The LIGO team’s detection of gravitational waves, announced in February, has already started attracting top honours. This time, it has won the Special Breakthrough Prize in Fundamental Physics.
The $3 million award, instituted by Yuri Milner, will be shared between two groups of laureates: the three founders of the Laser Interferometer Gravitational-Wave Observatory (LIGO), who will each equally share $1 million (Rs. 6.65 crore); and 1012 contributors to the experiment, who will each equally share $2 million (Rs. 13.31 crore).
The founders are Ronald W.P. Drever; Kip Thorne and Rainer Weiss. The 1012 contributors include 1,005 authors of the paper and seven others.
K.G. Arun of Chennai Mathematical Institute, who is among the 1012 contributors, said, “It is a very important prize and the credit goes to the whole collaboration. It is a coming together of a range of people: experimentalists, data analysts and theoreticians.” The contributors include 37 Indians.

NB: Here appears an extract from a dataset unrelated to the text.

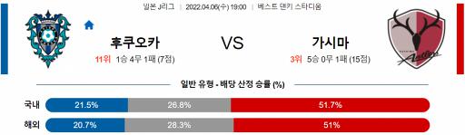 J리그 4월 6일 19:00 아비스파 후쿠오카 : 가시마 앤틀러스
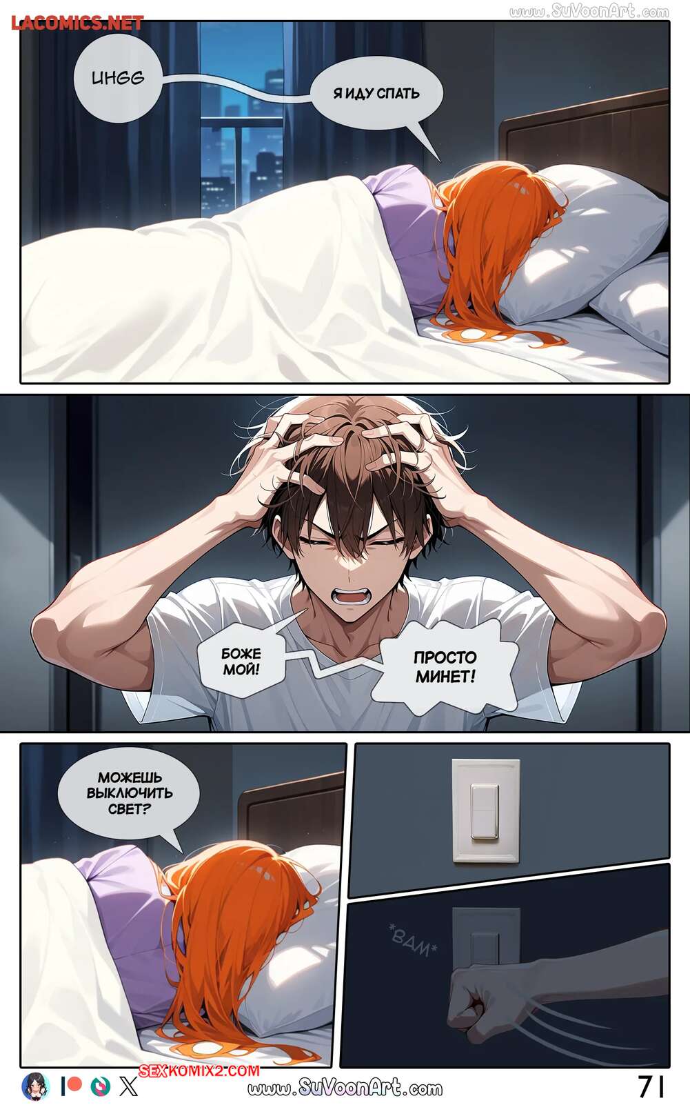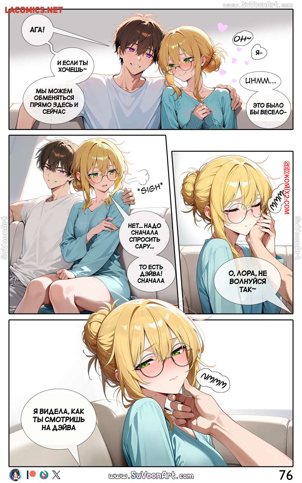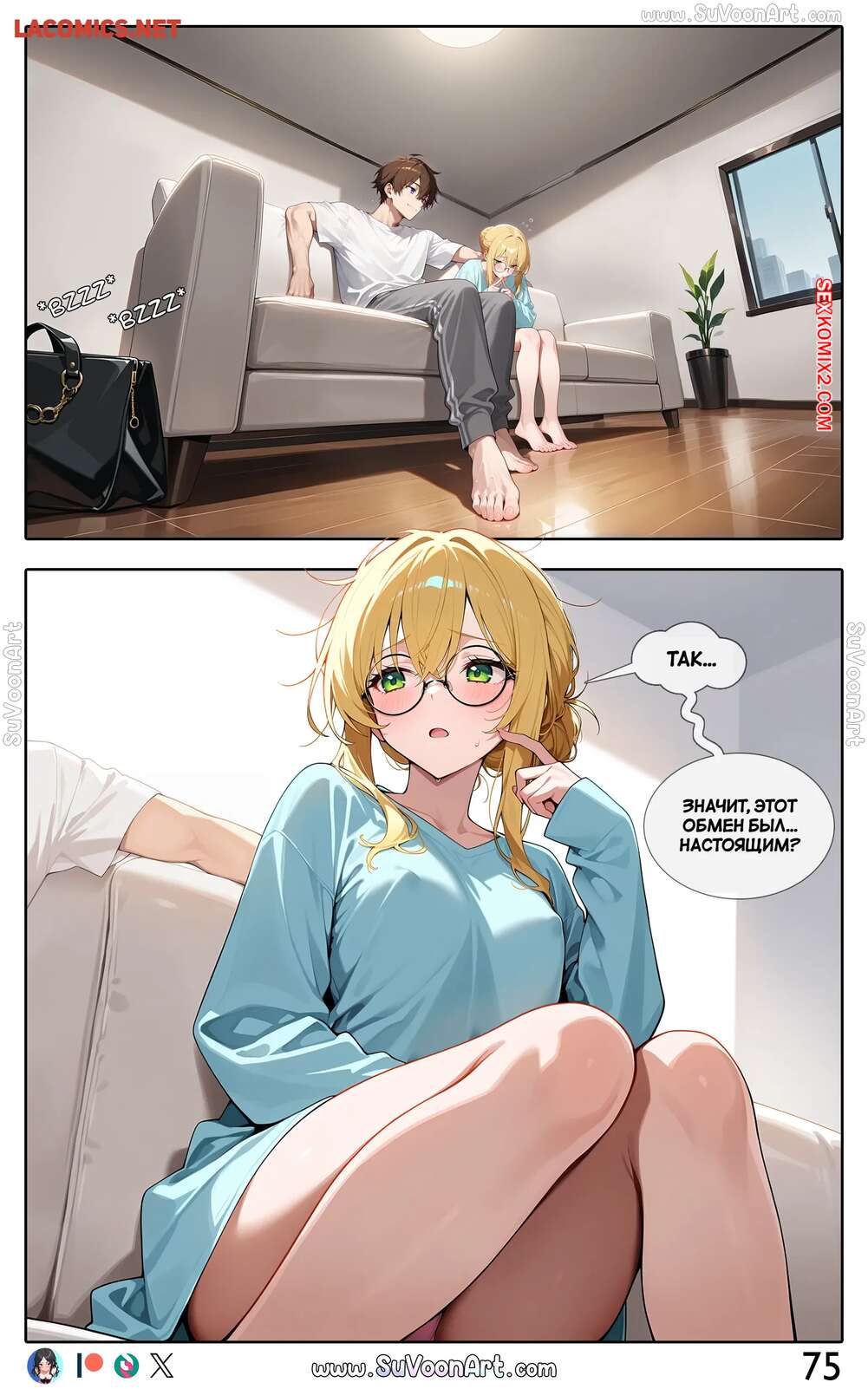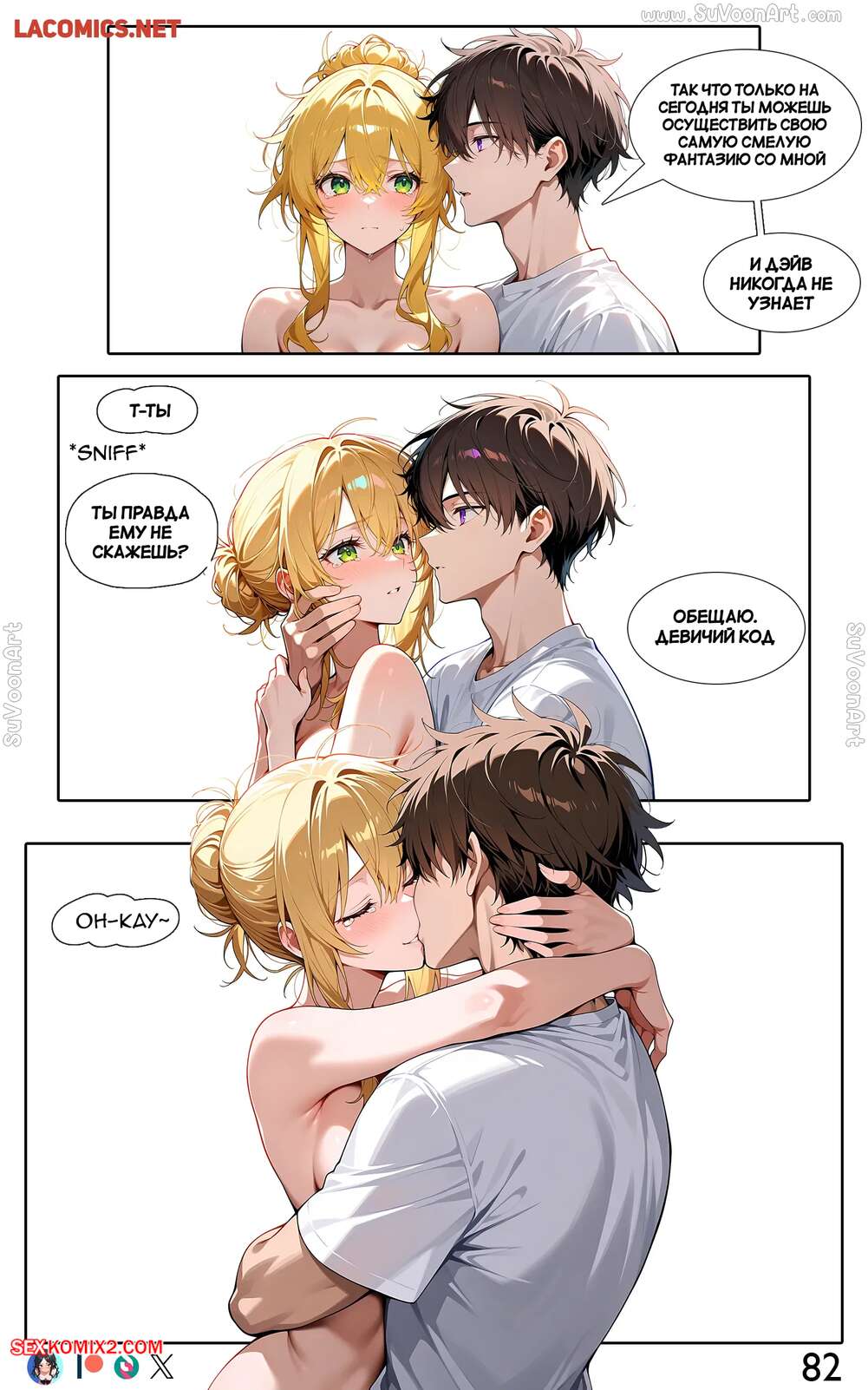 Порно комикс Другая сторона. Часть 4. The Other Side. SuVoonAr Парень с девушкой сидели в гостинной и блондиночка стала к нему приставать, желая пошалить. Она разделась и возбудила парня шикарным телом, после чего раздвинула ножки и дала ему себя выебать.

Dr. Arun joined the LIGO scientific collaboration through the INDIGO consortium in 2012. The calculations done by his team occupies three paragraphs in the scientific paper. “I was part of the team that verified that the observed signal is consistent with predictions of Einstein’s general theory of relativity. The results are also published in a companion paper,” said Dr. Arun.